51 Considerações finais Para concluir este trabalho, resta-nos realizar uma breve reiteração dos fatos apresentados. Vimos a força vital em duas faces que se completam e revelam sentidos na expressão “Axé”: cosmovisão e, no seu uso mais comum, a vitalidade. Vitalidade que se externaliza trazendo à tona uma forma de se pôr no mundo. A noção de pessoa vinculada estritamente à importância do nome e sua identidade. Esta, formada a partir do contato com o grupo e neste contato definida. O indivíduo adquire existência ao compartilhar sua identidade com a coletividade. Daí, a partir deste contato, entende-se a noção de pessoa que ganha não só individualidade, mas identificação pelo seu nome, que o introduz na sociedade, a exemplo do batismo e da cerimônia do orunkó; e que, ainda, lhe dá significação dentro da sociedade a qual representa e da qual participa. A exemplo: o Ojuobá. A fala, agente do divino, externalizadora das forças, do axé. Meio de socialização e elo da cadeia de transmissão dos conhecimentos, onde os seres mais representativos são os mais velhos a exemplo do episódio em que Mãe Majé Bassan relata um mito a Ojuobá. O tempo cíclico, histórico, dinâmico; tempo de retorno, mas retorno acrescentado, crescido, a exemplo de Exú, de sua simbologia: o caracol e a espiral de Osman Lins Avalovara. A palavra que carrega a condensa forças ancestrais, fazendo convergirem tais forças e transmiti-las somadas, a exemplo, o Ojuobá, quando o passado mítico retorna ao presente e Ogun ergue suas cobras em defesa de seu reino. Na segunda parte, estudamos a atuação das forças dualisticamente conhecidas como bem e mal. Passamos pela má utilização da palavra, da magia; por estudos de Roger Bastide à literatura de Paulina Chiziane e Mia Couto, entendendo o mal e o bem como forças complementares e não em oposição. Daí, pudemos encontrar em Jorge Amado uma possível ausência de caráter judicativo que o aproxima de um universo sensitivo e anímico e o afasta de outro dicotômico e dualista.

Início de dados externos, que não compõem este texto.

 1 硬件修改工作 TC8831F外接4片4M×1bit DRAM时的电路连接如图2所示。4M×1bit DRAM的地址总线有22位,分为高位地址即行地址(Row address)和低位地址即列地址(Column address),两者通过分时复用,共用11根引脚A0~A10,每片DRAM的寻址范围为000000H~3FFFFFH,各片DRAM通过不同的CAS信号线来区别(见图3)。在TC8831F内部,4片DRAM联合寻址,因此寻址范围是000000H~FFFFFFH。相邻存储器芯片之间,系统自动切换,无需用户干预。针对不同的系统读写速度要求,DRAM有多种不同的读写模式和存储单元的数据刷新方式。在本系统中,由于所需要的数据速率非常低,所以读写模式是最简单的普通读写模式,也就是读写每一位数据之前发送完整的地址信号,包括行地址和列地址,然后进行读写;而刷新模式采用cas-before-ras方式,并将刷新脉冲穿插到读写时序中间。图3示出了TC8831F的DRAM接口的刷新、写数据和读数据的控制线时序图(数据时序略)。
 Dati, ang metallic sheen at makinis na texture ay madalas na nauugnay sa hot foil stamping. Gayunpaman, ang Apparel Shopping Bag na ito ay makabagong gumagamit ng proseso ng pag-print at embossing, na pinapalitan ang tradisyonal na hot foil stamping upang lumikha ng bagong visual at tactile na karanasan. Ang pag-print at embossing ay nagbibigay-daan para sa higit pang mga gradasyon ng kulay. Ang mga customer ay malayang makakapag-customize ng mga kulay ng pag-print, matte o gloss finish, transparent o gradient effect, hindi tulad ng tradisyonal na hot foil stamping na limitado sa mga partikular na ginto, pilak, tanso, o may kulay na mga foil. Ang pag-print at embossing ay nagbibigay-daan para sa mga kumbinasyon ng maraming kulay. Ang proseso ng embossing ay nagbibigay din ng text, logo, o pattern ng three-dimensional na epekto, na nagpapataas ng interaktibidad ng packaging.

52 Na terceira parte, tratada como propostas de futuros estudos, trabalhamos as proximidades da obra do autor com o mito e a literatura oral e, mais uma vez, deixando transparecer o universo sensitivo da obra de Jorge Amado. Tratou-se das avaliações negativas e sua obra vista sobre outro prisma. Trabalhamos imaginário, estereótipo, realizando paralelos com outras literaturas distanciadas dos valores ocidentais, como Mia Couto e Adonias Filho, mesmo sendo autor brasileiro, além de encontrarmos justificativa para a forma e escrita de sua obra. Todos os fatores discutidos, trazem à tona um universo pouco estudado da literatura de Jorge Amado, no meio literário e que, na medida deste, participam na formação estrutural de sua obra, como dissemos anteriormente. Pouco mais pode-se acrescentar à finalização deste trabalho. Tudo o que foi exposto veio de inquietações, e toda inquietude deve ser posta em ordem, como este trabalho, como qualquer obra, como um poema. Esta inquietude aquém, pois que fundamental, toma passos firmes, tateando com calma e respeito o desconhecido. O reino foi fundado. Este trabalho – e a obra do Obá Arolu – é uma das várias ramificações da árvore África. Quando uma árvore sagrada cai, nada se faz, pois dizem que seus galhos semearão a terra para o crescimento de novas árvores. Assim, diferente, mutável, nova, a África se dissemina, renova e renasce em cada morte-queda de suas árvores. Mas em suas mortes-renascimentos o processo é o mesmo. A terra, mãe, ventre sagrado, gesta o segredo e o guarda. O novo, em um diálogo de muitos, daí advém e para aí, retornará. Essa ordem imemorial funda o homem. Força vital, palavra, nome, tempo, axé, bem e mal: conceitos, delimitadores de espaços e sentidos que vivem plenos, em segredo, no ventre terra, na pedra terra fundante.